WORK INSTRUCTION: Every line below should be copied exactly; drop the pictures.

┌──

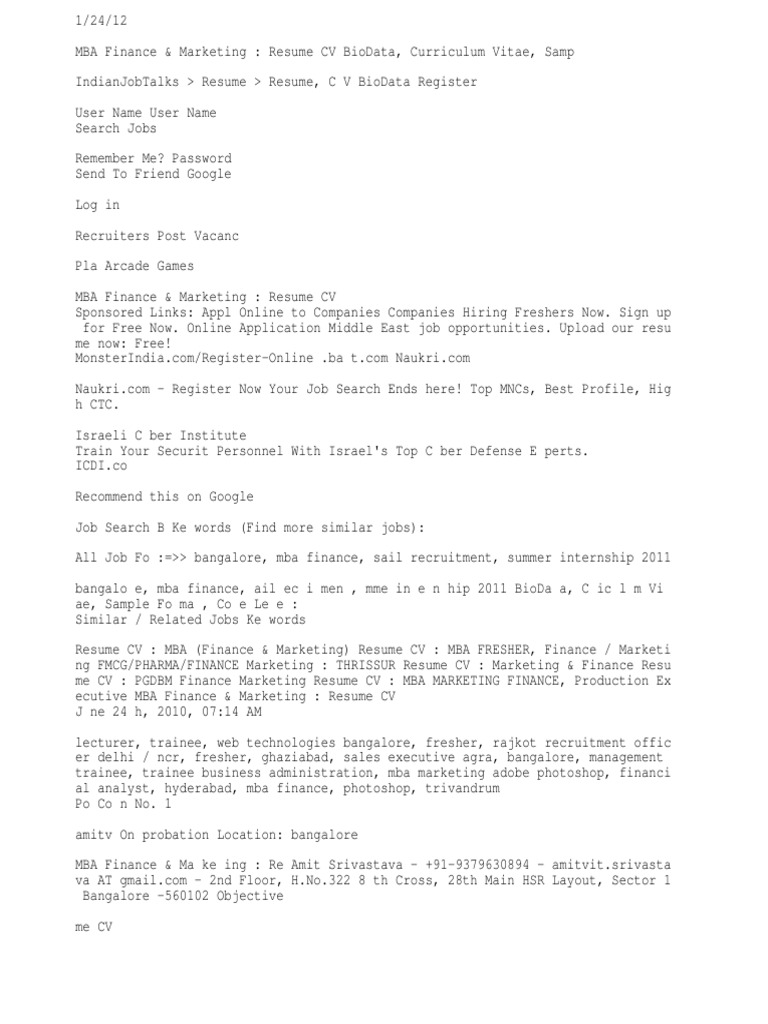 123 Resume Txt Master Of Business Administration Competence Human Resources - Looking for monsterindia com login?
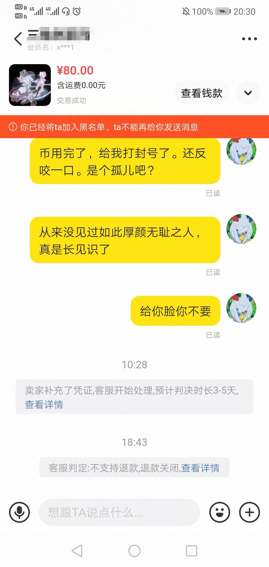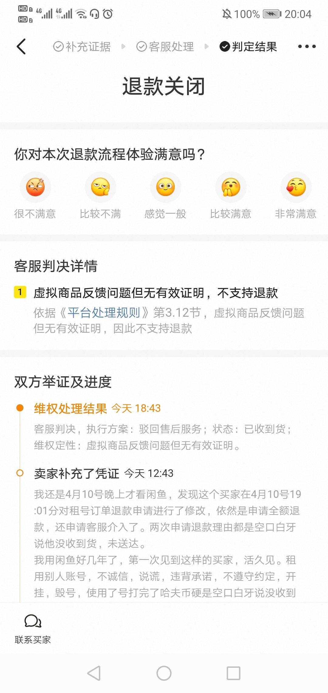 闲鱼客服还是给力的嘛,我还以为要等2-3天让买家提供证据,结果上午补充完证据,下午
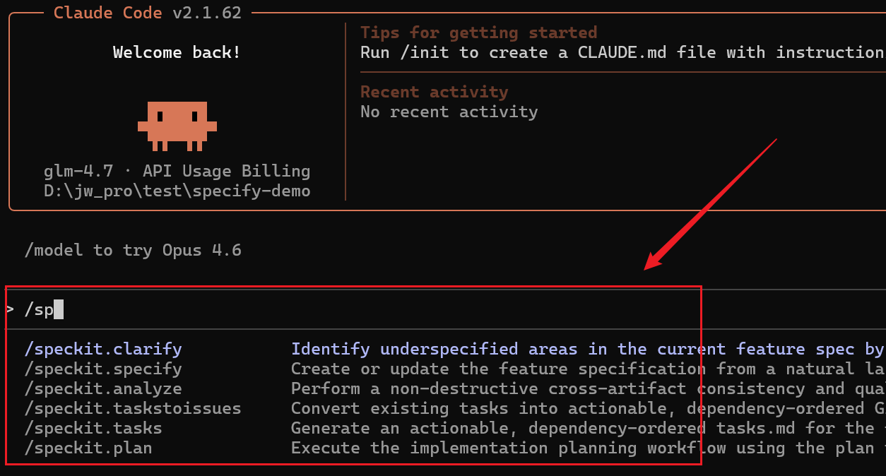 在 spec-kit 项目目录中打开 AI 工具,然后就能看到 spec-kit 相关的命令,如下图:
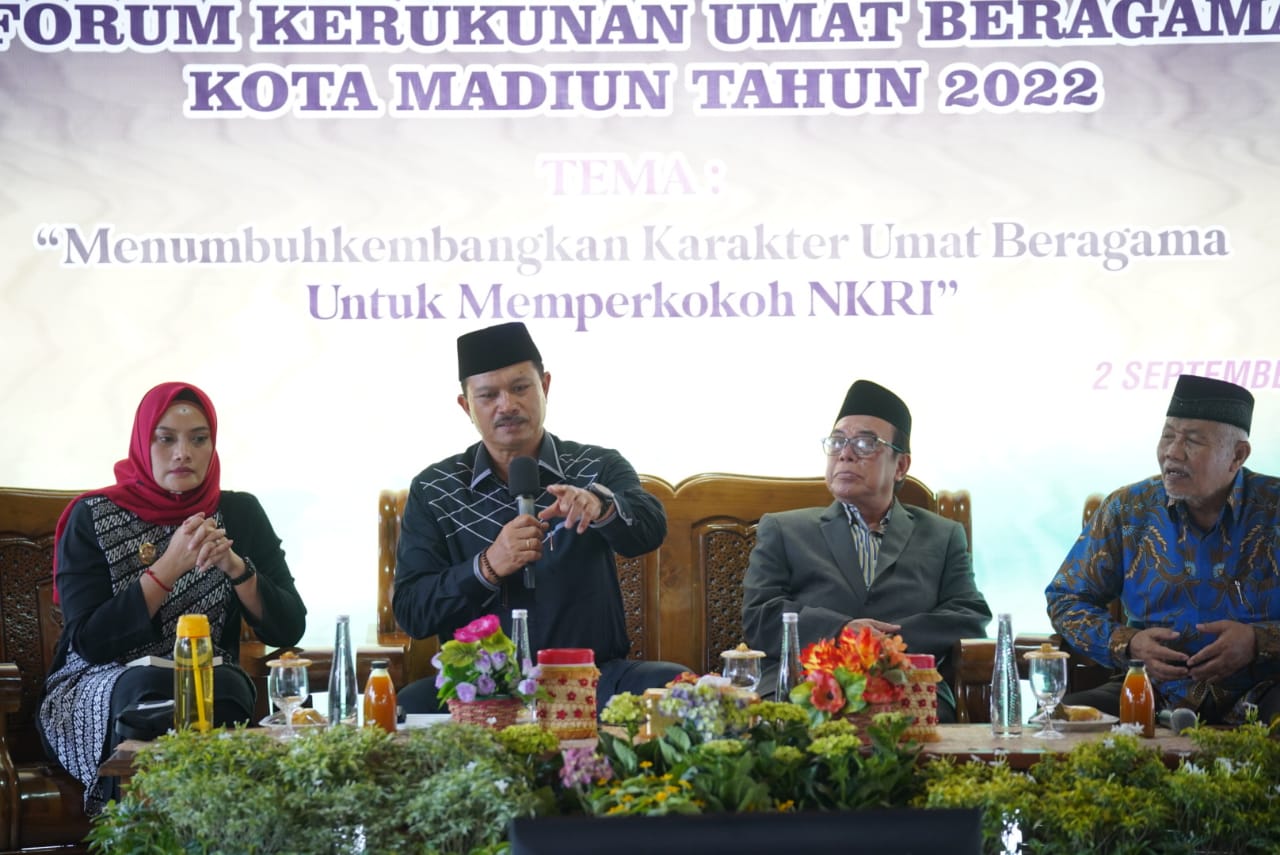 ‘’Kota ini sudah sejak dulu selalu aman biarpun berbeda-berbeda. Ada gereja, klenteng, masjid, yang usia ratusan tahun dan tetap terjaga sampai saat ini. Itu menandakan masyarakat kita itu memiliki toleransi yang tinggi sejak dulu,’’ kata wali kota saat Sarasehan Dialog Kebangsaan Forum Kerukunan Umat Beragama Kota Madiun 2022 di Lapak Obor Kelurahan Oro-Oro Ombo, Jumat (2/9).
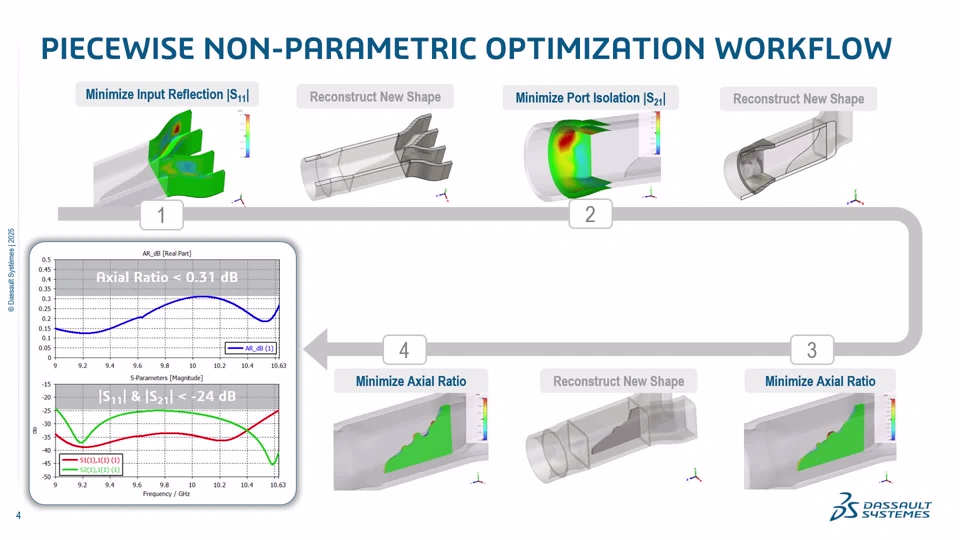 The new release of CST Studio Suite 2026 brings with it many enhancements for the Non-parametric Optimization workflow. In this demonstration, we use a Septum Polarizer to illustrate the potential of a true “non-parametric” shape optimizer. We propose a piecewise approach to find the best performance from this compact smooth-wall waveguide, suited for additive manufacturing.

└──

OUTPUT FOR THIS EXERCISE:
 123 Resume Txt Master Of Business Administration Competence Human Resources - Looking for monsterindia com login?
 闲鱼客服还是给力的嘛,我还以为要等2-3天让买家提供证据,结果上午补充完证据,下午
 在 spec-kit 项目目录中打开 AI 工具,然后就能看到 spec-kit 相关的命令,如下图:
 ‘’Kota ini sudah sejak dulu selalu aman biarpun berbeda-berbeda. Ada gereja, klenteng, masjid, yang usia ratusan tahun dan tetap terjaga sampai saat ini. Itu menandakan masyarakat kita itu memiliki toleransi yang tinggi sejak dulu,’’ kata wali kota saat Sarasehan Dialog Kebangsaan Forum Kerukunan Umat Beragama Kota Madiun 2022 di Lapak Obor Kelurahan Oro-Oro Ombo, Jumat (2/9).
 The new release of CST Studio Suite 2026 brings with it many enhancements for the Non-parametric Optimization workflow. In this demonstration, we use a Septum Polarizer to illustrate the potential of a true “non-parametric” shape optimizer. We propose a piecewise approach to find the best performance from this compact smooth-wall waveguide, suited for additive manufacturing.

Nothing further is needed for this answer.